### Task description
What you return should be the full listing, copied exactly and stripped of its pictures.

### Data extract

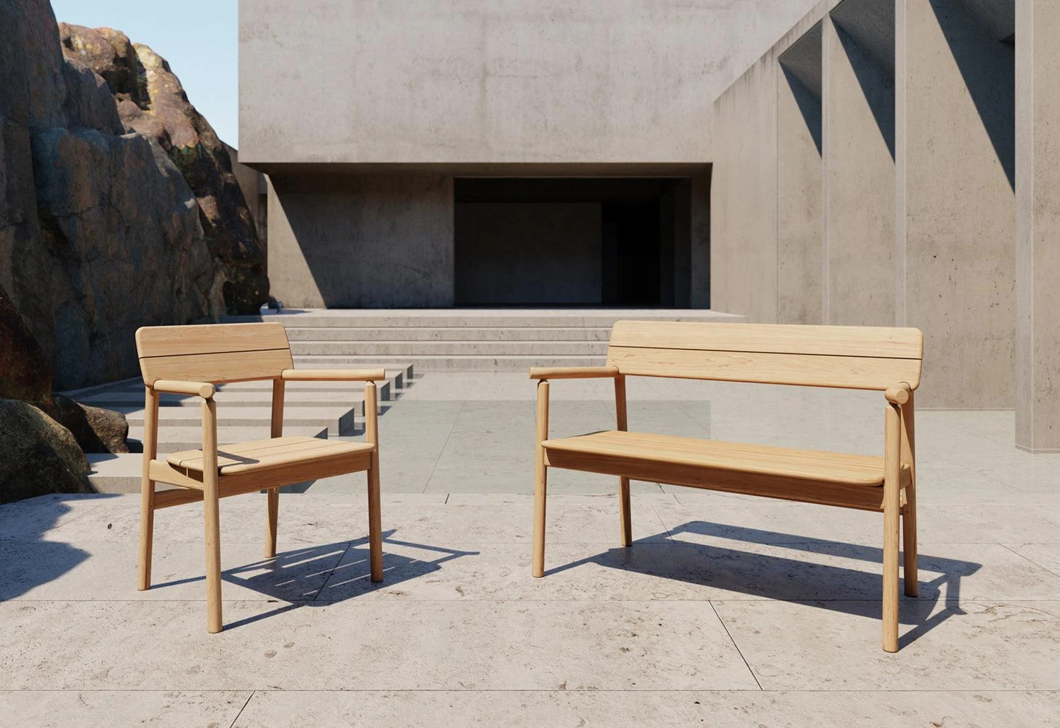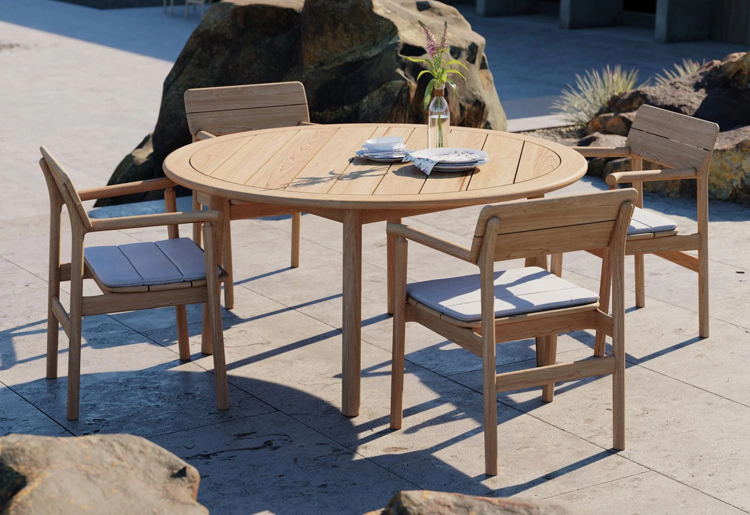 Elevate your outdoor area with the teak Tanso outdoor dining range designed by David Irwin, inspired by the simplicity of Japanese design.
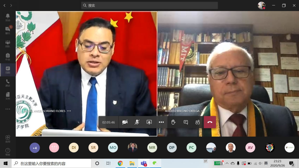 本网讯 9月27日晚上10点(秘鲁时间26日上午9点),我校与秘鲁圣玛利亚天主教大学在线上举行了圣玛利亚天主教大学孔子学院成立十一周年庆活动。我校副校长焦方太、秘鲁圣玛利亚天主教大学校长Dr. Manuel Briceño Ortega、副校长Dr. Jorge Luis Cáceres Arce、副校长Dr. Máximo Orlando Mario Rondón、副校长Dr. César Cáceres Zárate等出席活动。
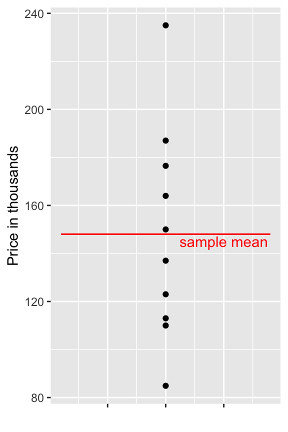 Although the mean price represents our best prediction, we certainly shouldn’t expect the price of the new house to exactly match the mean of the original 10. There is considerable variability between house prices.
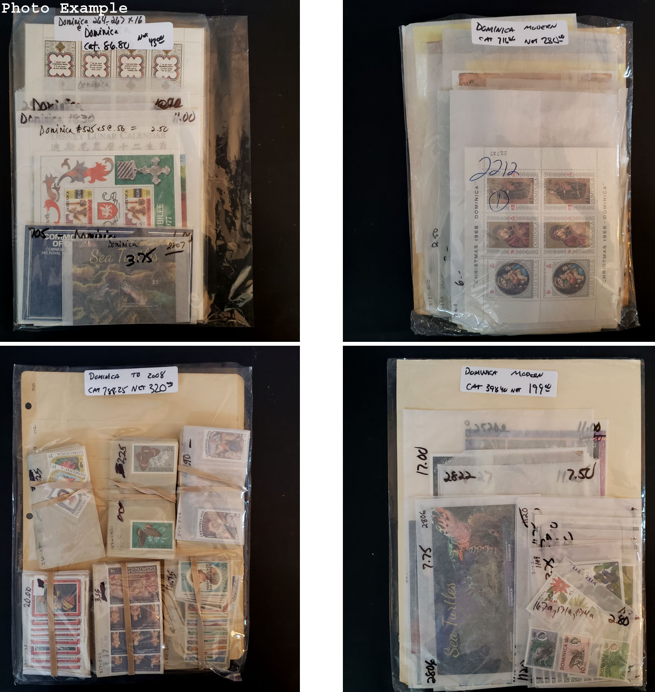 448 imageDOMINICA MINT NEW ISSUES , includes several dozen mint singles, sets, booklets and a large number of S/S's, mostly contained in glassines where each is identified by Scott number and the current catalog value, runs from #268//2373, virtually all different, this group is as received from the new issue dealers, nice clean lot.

### Result
 Elevate your outdoor area with the teak Tanso outdoor dining range designed by David Irwin, inspired by the simplicity of Japanese design.
 本网讯 9月27日晚上10点(秘鲁时间26日上午9点),我校与秘鲁圣玛利亚天主教大学在线上举行了圣玛利亚天主教大学孔子学院成立十一周年庆活动。我校副校长焦方太、秘鲁圣玛利亚天主教大学校长Dr. Manuel Briceño Ortega、副校长Dr. Jorge Luis Cáceres Arce、副校长Dr. Máximo Orlando Mario Rondón、副校长Dr. César Cáceres Zárate等出席活动。
 Although the mean price represents our best prediction, we certainly shouldn’t expect the price of the new house to exactly match the mean of the original 10. There is considerable variability between house prices.
 448 imageDOMINICA MINT NEW ISSUES , includes several dozen mint singles, sets, booklets and a large number of S/S's, mostly contained in glassines where each is identified by Scott number and the current catalog value, runs from #268//2373, virtually all different, this group is as received from the new issue dealers, nice clean lot.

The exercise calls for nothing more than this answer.